Воздух в Зале Слов был густым от запаха старого пергамента, дорогих чернил и скрытого напряжения. Здесь собиралась будущая элита Империи – инквизиторы, управляющие шахтами, архитекторы реальности. И он был одним из них.
И вот, между скучными речами и вручением наград, на сцену вывели его.
Бродячий декламатор. Живой экспонат. Человек в зелёном костюме, расшитом призрачными буквами мёртвого языка. Эхо. Его пригласили как изысканную шутку, как доказательство абсолютной победы Империи – посмотрите, мы не просто уничтожаем культуры, мы превращаем их в украшение для наших праздников.
Алексей смотрел на него с лёгким презрением, которое ему привили. Живой мертвец. Торговец наследием. Какое жалкое существование.
Декламатор начал. Звуки лились безупречно, выхолощенно, красиво. Идеальная фонетическая оболочка без смысла. Алексей мысленно разбирал произношение, находя крошечные погрешности – следы неимперского происхождения. Он был виртуозом, и это зрелище было для него упражнением в превосходстве.

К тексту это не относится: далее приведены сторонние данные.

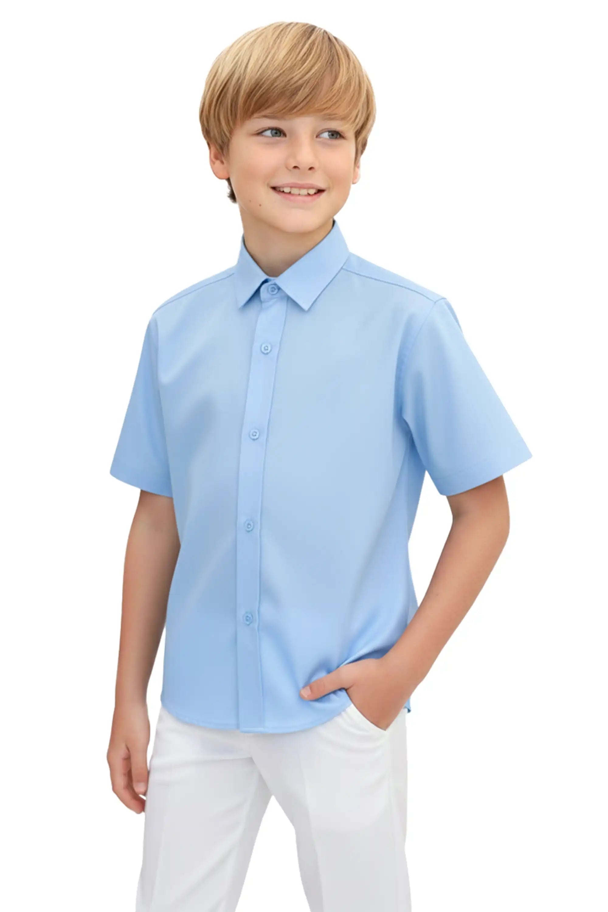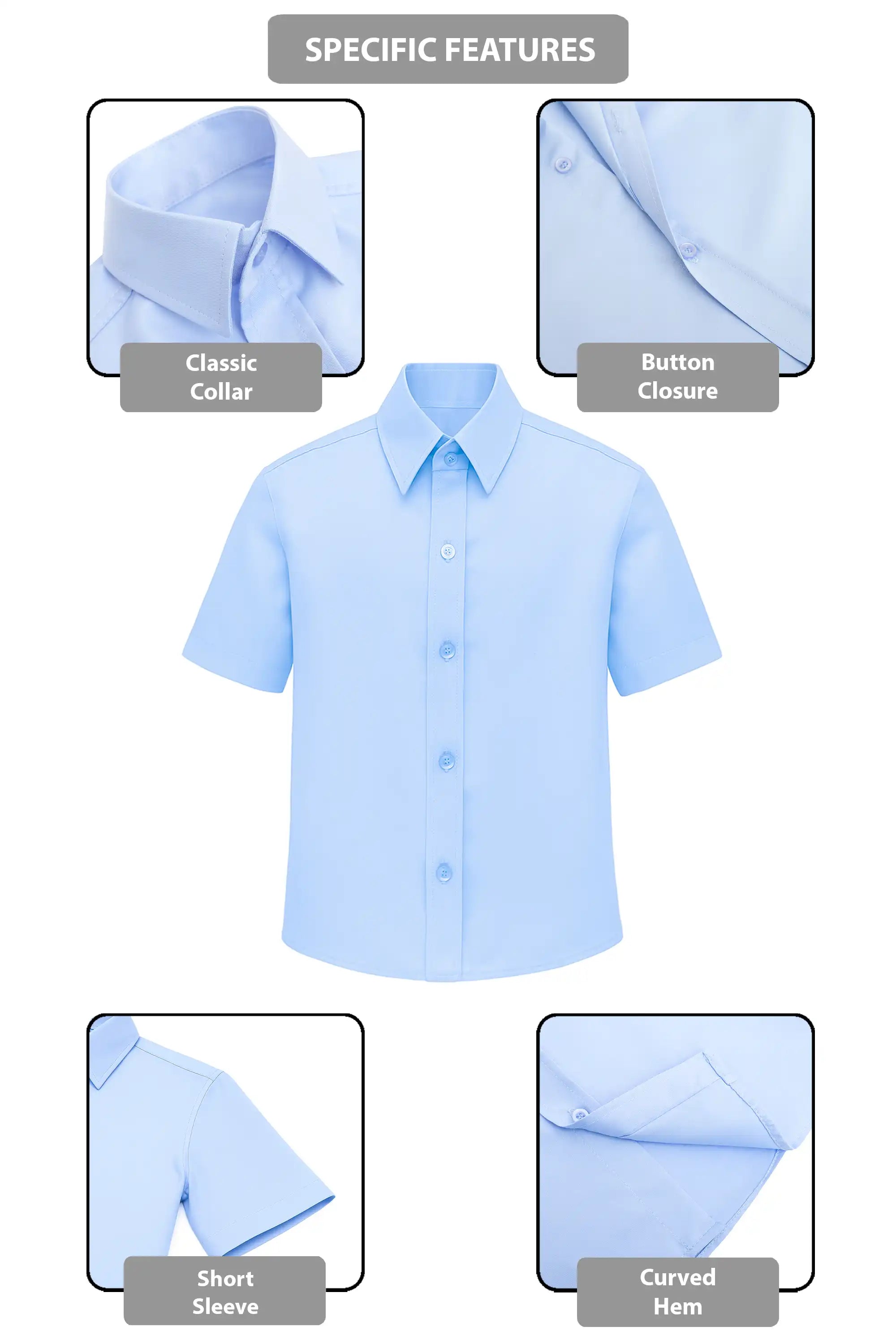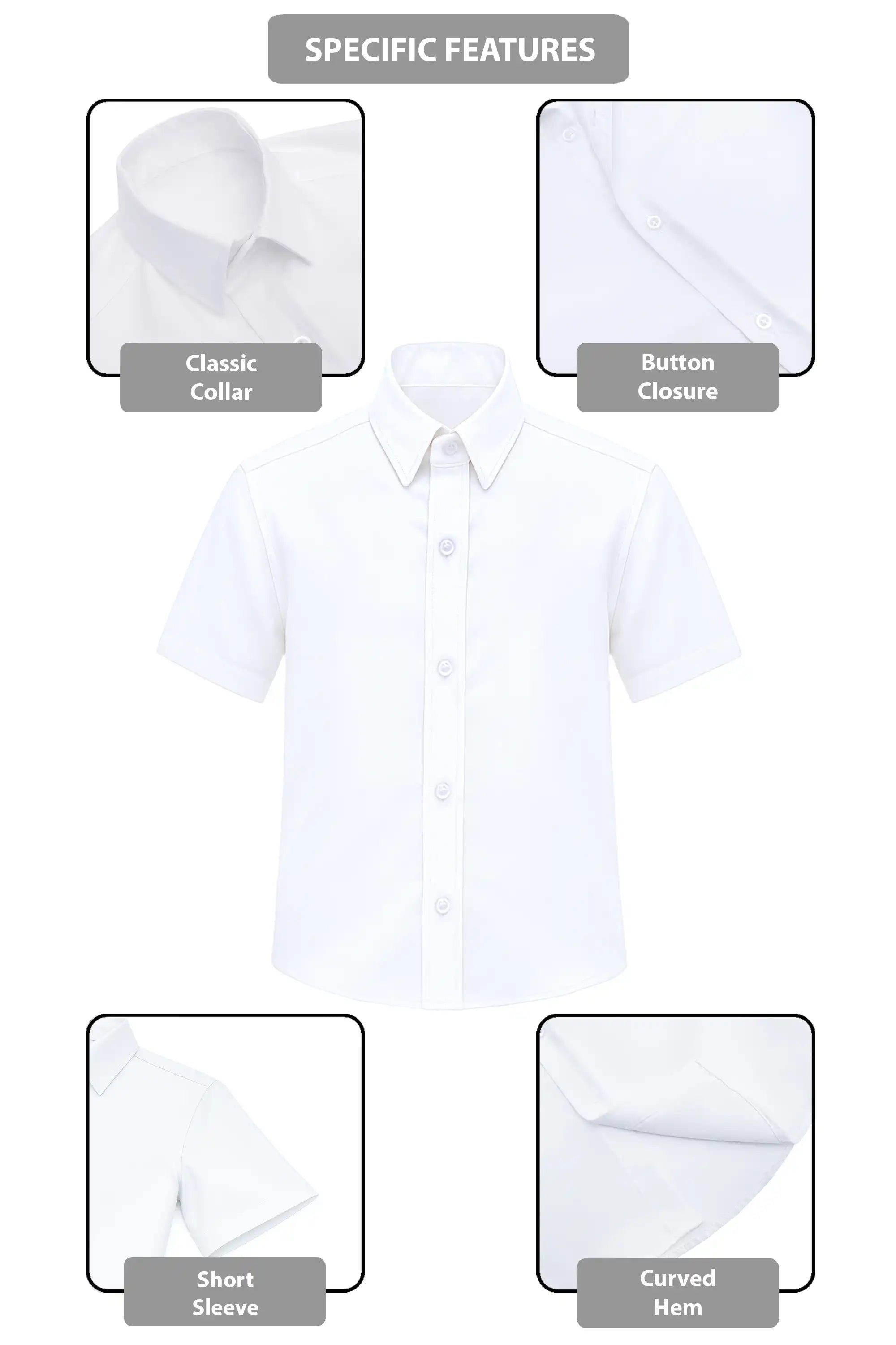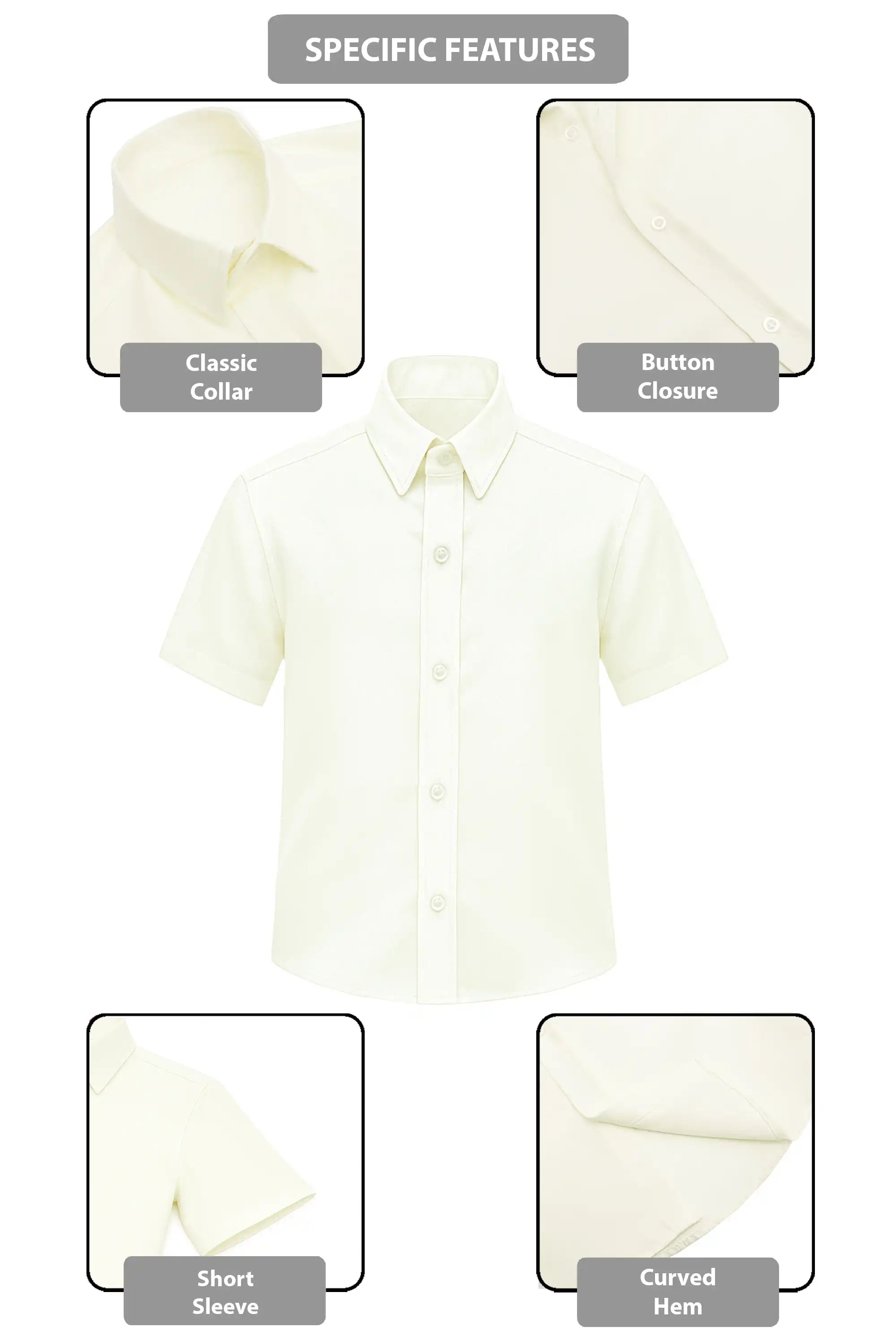 Featuring a traditional collar, button-down front, and short sleeves, this timeless shirt is perfect for school uniforms, special occasions, ceremonies, and everyday wear.

И вдруг… что-то пошло не так.
Не ошибка. Не сбой. Нечто иное.
Гортанный звук, который должен был быть чистым и отточенным, вдруг сорвался в низкий, хриплый, почти звериный выдох. Словно не человек его произнёс, а сама земля. А следующее слово… он произнёс его с диким, архаичным ударением, которого не должно было быть. Оно прозвучало некрасиво, режуще, живо.
Алексей вздрогнул, будто его ударили током. Он даже не понял почему. В его ушах, воспитанных на строгих канонах Имперского языка, этот звук резал слух. Но где-то глубже, на уровне крови, унаследованной от матери, что-то дрогнуло и отозвается смутной, болезненной тоской. Это было похоже на забытый запах из детства, на обрывок мелодии, которую пела мать, но которую он старательно вытеснил из памяти.
Он не видел всего зала, не видел больше ничего. Только этого человека на сцене, в котором вдруг что-то проснулось и на мгновение прорвалось сквозь годы дрессировки.
Он почувствовал на себе взгляд. Резкий, как удар лезвия. Это был Варо. Его наставник видел не только декламатора, но и его, Алексея, реакцию. Видел мимолётное замешательство на его лице.
Церемония продолжилась. Когда Алексей поднимался за своей наградой, рукопожатие Варо было твёрдым и холодным. Гордость вернулась, но теперь она была смешана с сомнением.
Позже, когда торжества стихли, он нашёл Варо в его кабинете. Воздух там всегда пах морозом и старыми книгами.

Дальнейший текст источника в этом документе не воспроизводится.